In Australia, he has often trained dogs for environmental roles, including training dogs to locate cats and foxes in the Kimberley, WA, Australia, to locate rabbits and rodents, on Macquarie Island, Australia, and also to locate cane toads. He also trained fox detection dogs for Lane Cove Council, NSW. Fox detecting dogs have also been trained by Austin for use in Manly, New South Wales, and these dogs have also been trained to alert to little penguins, for conservation purposes. Similarly, he has trained dogs to alert to Murray River turtles. In Namibia, Africa, he has trained dogs to track cheetah scats.

Additionally, Austin has lectured to international audiences, including: American law enforcement agencies, at Sydney's Taronga Zoo, Mt Everest Kennel Club in Kathmandu, colleges throughout Japan, and Czech Republic Customs Detector Dog Unit.
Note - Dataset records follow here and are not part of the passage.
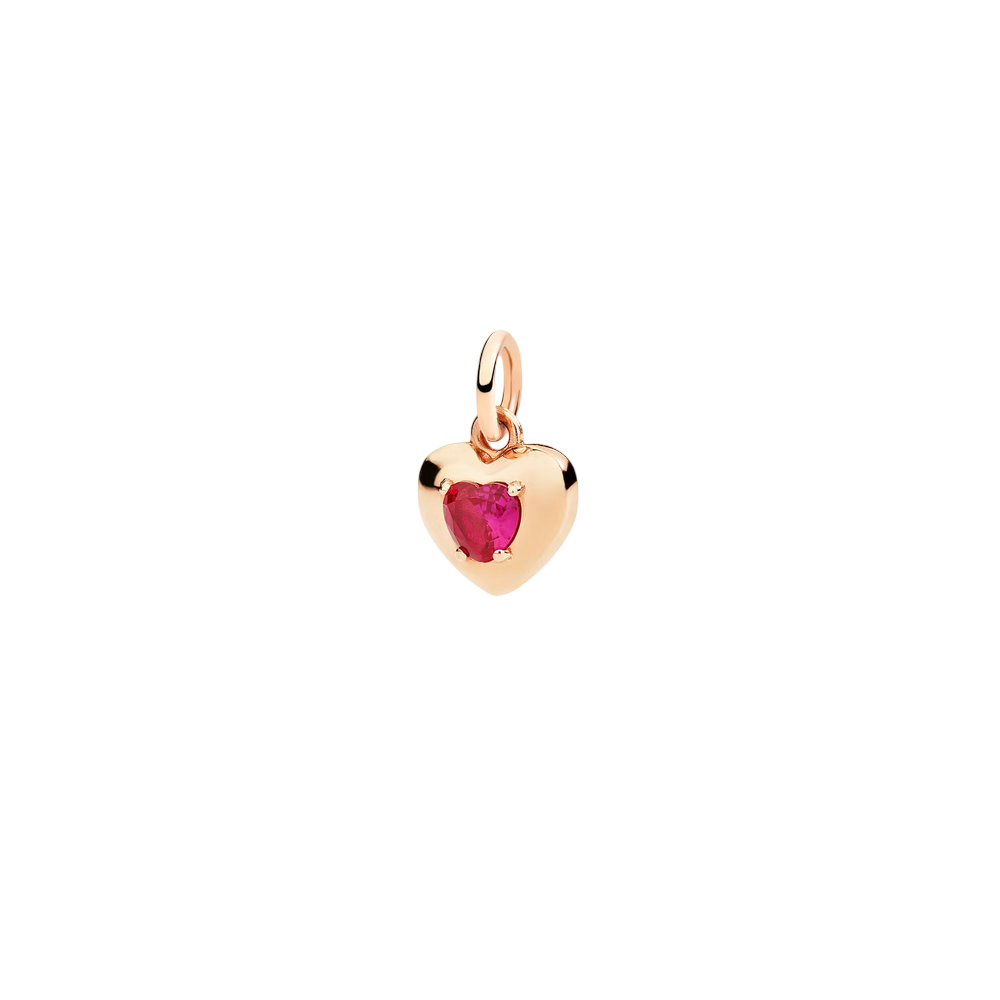 Un cœur qui brille d’essentiel : des surfaces courbes et polies qui captent la lumière comme une émotion. La pierre, un rubis synthétique serti à la main, ajoute une touche d’éclat. Au dos, un espace secret attend votre gravure, transformant le charm en un fragment d’histoire personnelle.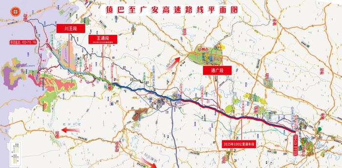 镇广高速是《四川省高速公路网布局规划(2022-2035)》确定的13条纵线之一,线路全长250.825公里,总投资489.089亿元,由川陕界至王坪段、王坪至通江段和通江至广安段组成,其中王坪至通江段已于2022年1月18日通车。项目起于巴中市与陕西交界处,止于广安市前锋区,高效衔接巴万、巴达、营达、南大梁、广安绕城等多条高速,是一条强化省际联系的关键通道。预计到2026年底,镇广高速通江至广安段将完成剩余50多公里建设,到2027年底实现镇广高速全线建成通车。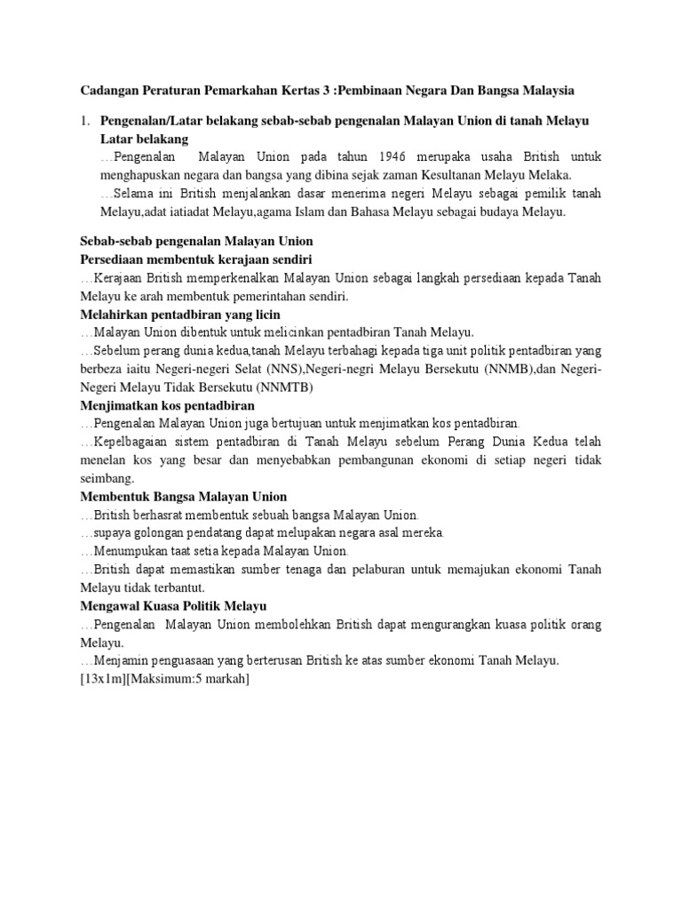 Pada pendapat anda,sejauh manakah perpaduan rakyat dapat menjamin keharmonian negara kita? Cadangan peraturan pemarkahan kertas 3 bab 6 1. Kejayaan malaysia mengekalkan perpaduan kaun dan sejarah kertas 3 spm, bab 4 tingkatan 5 : .impact of malayan union malays has against the malayan union because the opposition was mainly due to the way sir harold macmichael acquired the sultans' signatures, the erosion of the sultans' powers and the offering of citizenship to recent immigrants mainly the ethnic chinese because their. 5/26/2018 cadangan jawapan kertas 3 tingkatan 5 bab 4 malayan union.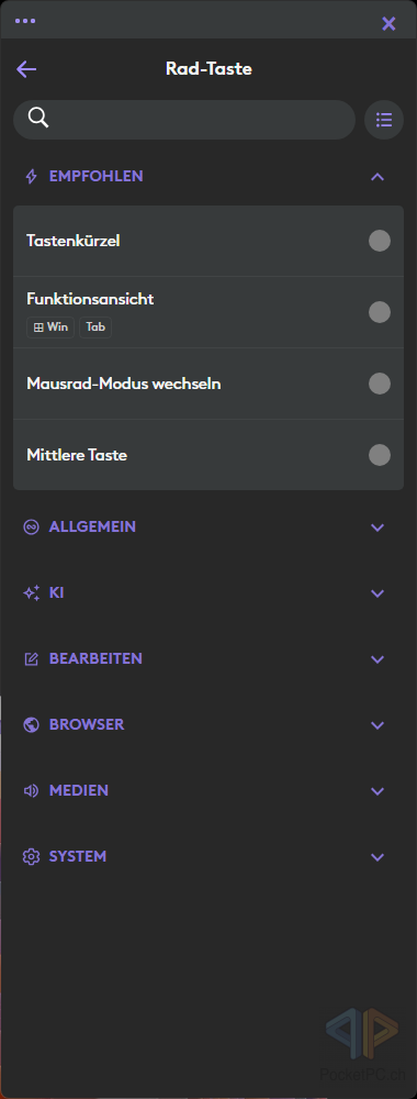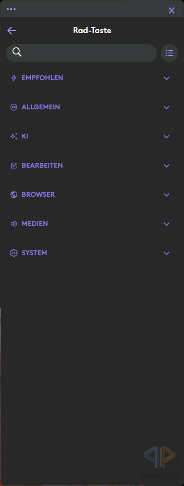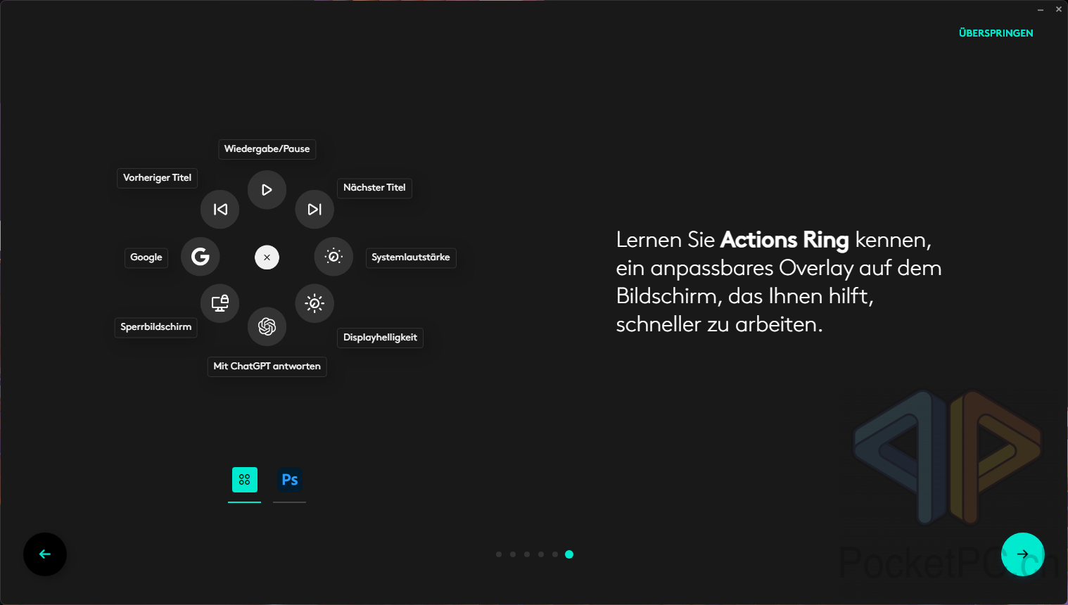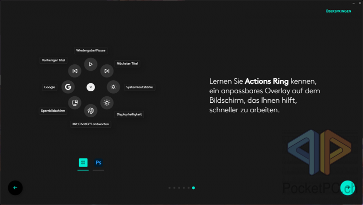 Beispielsweise habe ich einen Action Ring mit einer Schaltfläche so programmiert, dass die wichtigsten Programme und Webseiten für den Arbeitstag direkt verfügbar sind. Eine Taste darin öffnet PocketPC.ch und in einem weiteren Tab direkt das Backend zum Schreiben von Artikeln.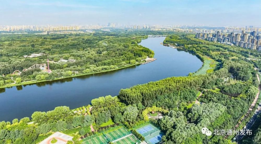 从天空俯瞰城市副中心,运河穿行于高楼大厦间,宛如一条蓝色丝带,城市绿心森林公园则是系在丝带上的一颗碧绿翡翠。

He has been involved with temperament assessing dogs in a variety of contexts, both in Australia and California.

Austin has owned and trained an Australian Obedience Champion and two field trial Champions, and also is licensed and active as a judge with the Australian National Kennel Club (ANKC) for these events. He once won the Sydney Royal Dog Obedience Utility Dog Section.

==Television appearances==
He has made a number of television appearances on including ABC's Catalyst and other current affairs programs, Celebrity Dog School, Harry's Practice, 60 Minutes and The 7:30 Report. In 2011 he received much television exposure for his work in training rabbit and rodent indicating dogs for seabird preservation on Macquarie Island.